The decision, announced Thursday afternoon, came after hours of deliberation from an emergency committee of health experts, marking the third time that the group has debated the decision since the start of the outbreak, which has been traced to a meat market in the Chinese city of Wuhan.
Although the organization initially showed restraint on declaring the emergency, WHO experts said the decision —in light of the now more than 8,200 cases worldwide — was nearly unanimous. In a press conference following the news, WHO director-general Tedros Adhanom Ghebreyesus, PhD, said the decision is meant to unify the world around stopping the disease’s spread.
“The only way we will defeat this outbreak is for all countries to work together in a spirit of solidarity and cooperation,” Tedros reportedly said. “We are all in this together and we can only stop it together.” As the nearly 200 member states, including the U.S., work to streamline their efforts to stop the outbreak, here’s what you need to know about the WHO’s declaration.
Only five other outbreaks have been declared global health emergencies
Officially known as a Public Health Emergency of International Concern (PHEIC), the formal declaration has been made in just five other outbreaks: swine flu (2009), polio (2014), ebola (2014), zika (2016) and kivu ebola (2018). The WHO defines it as “an extraordinary event” which is determined to both “constitute a public health risk to other [UN] states” and “potentially require a coordinated international response.” The category was created in the wake of the 2002-2003 SARs epidemic, which many believe was exacerbated by the failure to respond rapidly to the virus’s outbreak.
It is considered a call to action
With the coronavirus outbreak now encompassing over 20 countries outside of China, the global health emergency status will — in the words of UN health experts — “[trigger] the aid system to intervene in full force.” Each of the 196 participating countries are given 48 hours to “assess the situation” in their country after which they must issue a report to the WHO about confirmed and potential cases. Moving forward, all countries are required to: detect (i.e. test for potential cases), assess (i.e. keep track of new cases as they arise), report (share updates through an international network) and respond (stay in contact with WHO). Each week, the WHO will release a situation report based on these findings, posted here.
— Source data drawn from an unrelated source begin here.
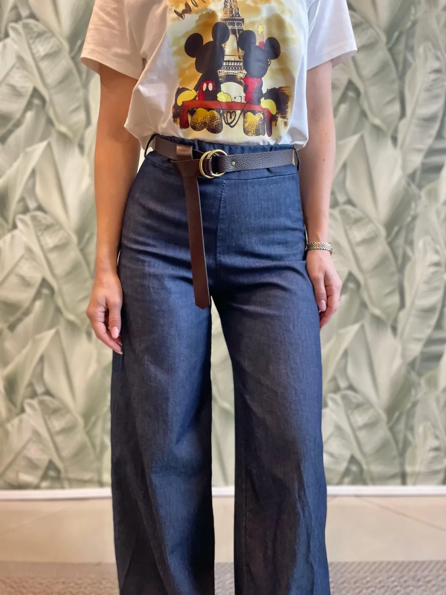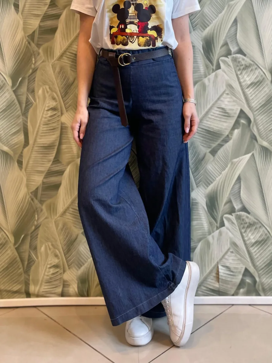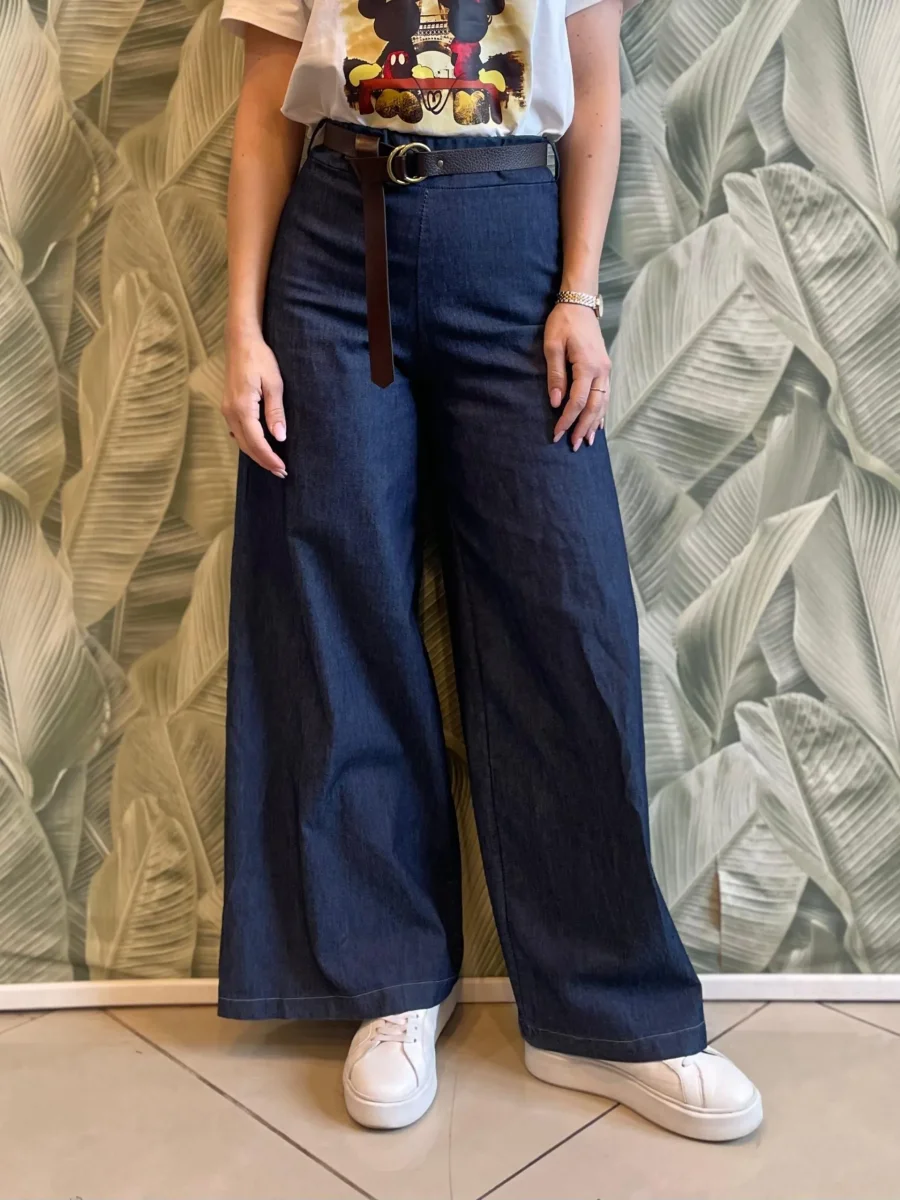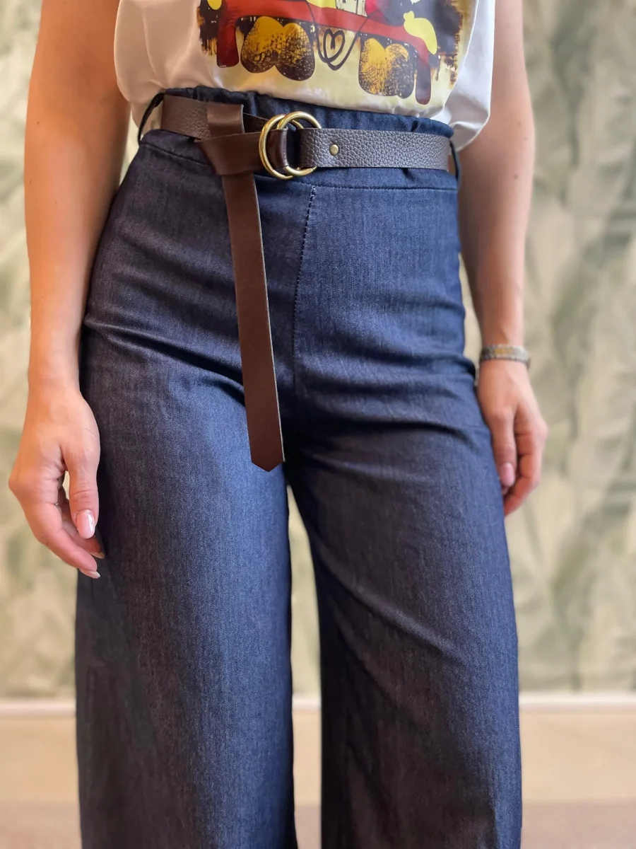 Pantaloni Cotone Effetto Denim GIGLIO Lavaggio scuro, modello a palazzo. Dotato di cintura marrone in ecopelle e fibbia dorata. Composizione: 66% cotone 32% poliestere 2% elastan Taglie S, M e L MADE IN ITALY
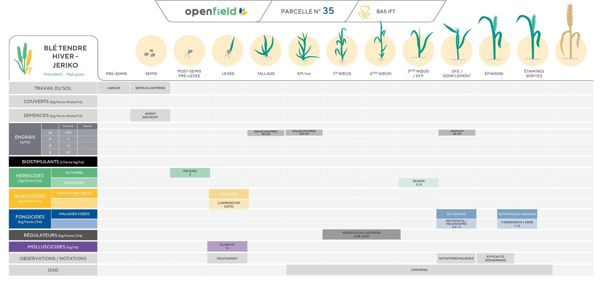 Le calcul CEPP inclue les couverts, les semences, les produits appliqués sur la culture, les OAD, et désherbage mécanique.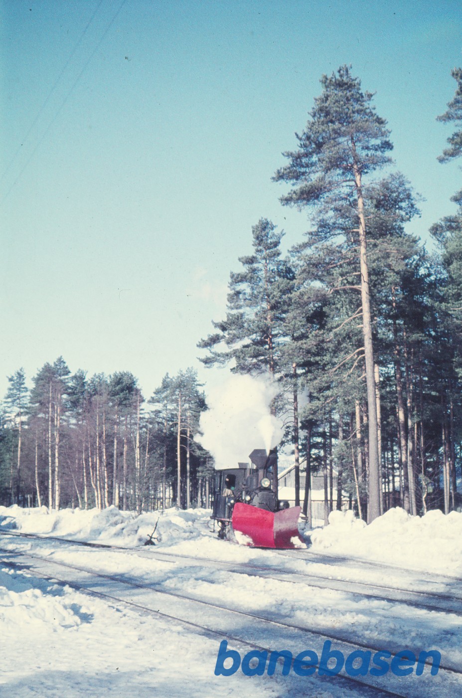 Motiv:Damplokomotiv nr. 5 rangerer på sidesporet til damp-savværket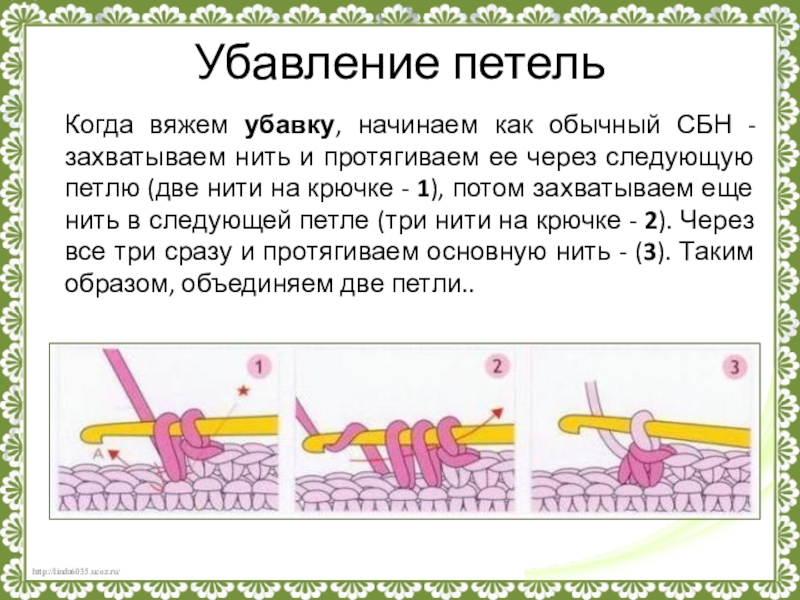 Убавление петельКогда вяжем убавку, начинаем как обычный СБН -захватываем нить и протягиваем ее через следующую петлю (две

It may require countries to increase travel screenings
As a part of a global health emergency, each country is required to follow what are known as International Health Regulations (IHR). Created in 2005, these regulations outline specific prevention and detection techniques to follow, in order to limit the spread of the disease. On WHO’s website, it notes that increased screening and testing may be required at ports, airports and ground crossings in order to “limit the spread of health risks to neighboring countries.” WHO is likely to update these guidelines in the coming days and weeks.
Preventing the destabilization of global markets is key
On top of streamlining efforts to stop the spread of the coronavirus, the WHO’s decision is also aimed at preventing “unwarranted travel and trade restrictions” that can prove detrimental to the global economy. The move comes as financial advisors continue to report plunging stocks. Experts are particularly concerned about oil and gas, as China remains the world’s top oil and natural gas importer. The global economic loss from SARS was estimated to be $40 billion but now, with China as a key player in the world’s economy, the cost could exceed that number. Thus far, WHO has dispensed $1.8 million in aid to help prevent the outbreak’s spread, but that number is likely to increase.